2. Cinéma : (si vous êtes sur Beijing) « Panorama du Cinéma Français, 17ème édition »
jusqu’au 13 décembre 2020.
Cet événement créé en 2004, offre la possibilité de découvrir des longs métrages inédits, récents et tous sélectionnés en festival.
Comme une photographie de la richesse de la production cinématographique française, toujours observée avec attention à l’international.

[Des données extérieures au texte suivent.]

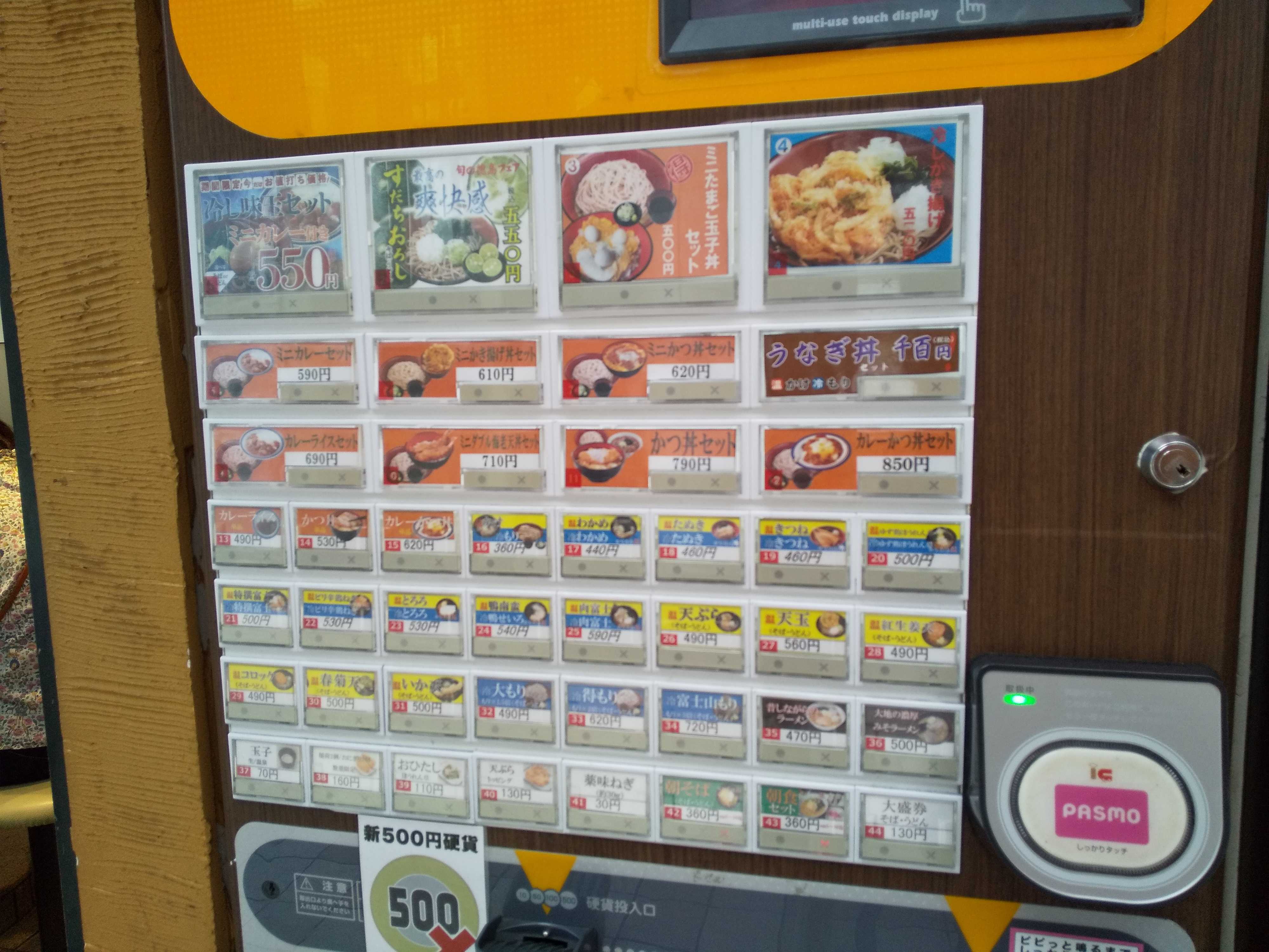 券売機の最上段左端。右端2段目に『うなぎ丼』継続を確認したが、もはや 関心は低い。

Les acteurs Juliette Binoche et Huang Xiaoming seront les parrains de cet événement.
Pour plus d’information : https://mp.weixin.qq.com/s/CG4VPs6-YOnpxG4ryQyD_g

Pour finir… 2020 aura été une année de bouleversements pour notre humanité. N’oublions pas comme « Edmond », d’aimer la Nuit, car c’est d’elle que naît la Lumière… Alors je souhaite à chacun d’entre vous, de vivre au mieux, de ce qui nous est accordé, de chaleureuses et scintillantes fêtes de fin d’années.